2. The method of claim 1, wherein: the mol ratio of the oxime ester compound 1 to the benzofuran imine compound 2 is 1: 1.2.

3. The method of claim 1, wherein: the reaction time was 16 hours.

4. The method of claim 1, wherein: the extraction is ethyl acetate extraction for 3 times.

5. The method of claim 1, wherein: the monovalent copper compound is CuCl, CuBr, CuI or CuOAc.

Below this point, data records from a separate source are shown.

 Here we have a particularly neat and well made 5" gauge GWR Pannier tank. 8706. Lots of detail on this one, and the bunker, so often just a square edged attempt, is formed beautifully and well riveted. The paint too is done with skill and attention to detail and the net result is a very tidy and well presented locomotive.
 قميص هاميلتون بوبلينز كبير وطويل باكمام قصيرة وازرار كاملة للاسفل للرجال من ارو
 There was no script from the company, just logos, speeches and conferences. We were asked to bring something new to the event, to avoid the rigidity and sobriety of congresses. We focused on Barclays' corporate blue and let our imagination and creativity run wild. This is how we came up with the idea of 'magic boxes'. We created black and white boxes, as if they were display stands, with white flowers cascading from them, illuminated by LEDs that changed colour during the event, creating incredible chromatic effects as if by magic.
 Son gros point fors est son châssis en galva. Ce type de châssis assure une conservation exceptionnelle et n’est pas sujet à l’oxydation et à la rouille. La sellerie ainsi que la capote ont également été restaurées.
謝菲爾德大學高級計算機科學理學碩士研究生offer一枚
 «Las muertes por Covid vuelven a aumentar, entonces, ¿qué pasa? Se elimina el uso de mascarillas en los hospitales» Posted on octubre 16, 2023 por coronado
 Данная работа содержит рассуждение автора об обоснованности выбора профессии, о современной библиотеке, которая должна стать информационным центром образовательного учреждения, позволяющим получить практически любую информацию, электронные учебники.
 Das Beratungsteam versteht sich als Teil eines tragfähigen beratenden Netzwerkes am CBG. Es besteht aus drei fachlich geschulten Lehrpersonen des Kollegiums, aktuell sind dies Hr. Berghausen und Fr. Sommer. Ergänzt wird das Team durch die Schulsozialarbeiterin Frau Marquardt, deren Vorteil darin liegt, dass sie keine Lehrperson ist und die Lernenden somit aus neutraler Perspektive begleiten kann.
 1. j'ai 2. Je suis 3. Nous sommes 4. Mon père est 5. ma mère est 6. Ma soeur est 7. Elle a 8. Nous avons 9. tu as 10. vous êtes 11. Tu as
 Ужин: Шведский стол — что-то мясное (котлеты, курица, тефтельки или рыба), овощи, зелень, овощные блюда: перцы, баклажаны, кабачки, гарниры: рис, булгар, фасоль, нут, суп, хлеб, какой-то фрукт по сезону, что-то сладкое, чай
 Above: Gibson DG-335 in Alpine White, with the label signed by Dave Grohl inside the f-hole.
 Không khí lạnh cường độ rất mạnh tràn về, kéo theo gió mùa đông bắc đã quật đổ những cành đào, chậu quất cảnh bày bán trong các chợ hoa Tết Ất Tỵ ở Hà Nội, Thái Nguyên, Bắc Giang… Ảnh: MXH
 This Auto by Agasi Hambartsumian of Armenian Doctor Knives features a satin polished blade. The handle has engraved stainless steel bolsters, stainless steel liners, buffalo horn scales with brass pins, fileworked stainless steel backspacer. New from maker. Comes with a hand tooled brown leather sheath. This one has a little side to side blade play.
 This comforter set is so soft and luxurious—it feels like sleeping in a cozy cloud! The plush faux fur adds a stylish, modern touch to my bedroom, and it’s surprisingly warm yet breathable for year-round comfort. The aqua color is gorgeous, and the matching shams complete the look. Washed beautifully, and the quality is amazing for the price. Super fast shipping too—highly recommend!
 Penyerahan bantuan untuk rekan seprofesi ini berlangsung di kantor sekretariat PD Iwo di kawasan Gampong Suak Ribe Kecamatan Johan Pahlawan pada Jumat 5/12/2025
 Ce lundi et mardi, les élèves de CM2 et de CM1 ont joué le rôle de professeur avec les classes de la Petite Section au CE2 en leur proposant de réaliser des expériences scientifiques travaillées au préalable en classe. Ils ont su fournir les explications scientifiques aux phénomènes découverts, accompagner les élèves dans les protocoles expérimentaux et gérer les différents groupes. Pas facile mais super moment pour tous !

6. The method of claim 1, wherein: the organic solvent is dimethyl sulfoxide, tetrahydrofuran, 1,4-dioxane, toluene, N-dimethyl amide, 1, 2-dichloroethane or dichloromethane.

7. The method of claim 1, wherein: the inert protective gas is argon.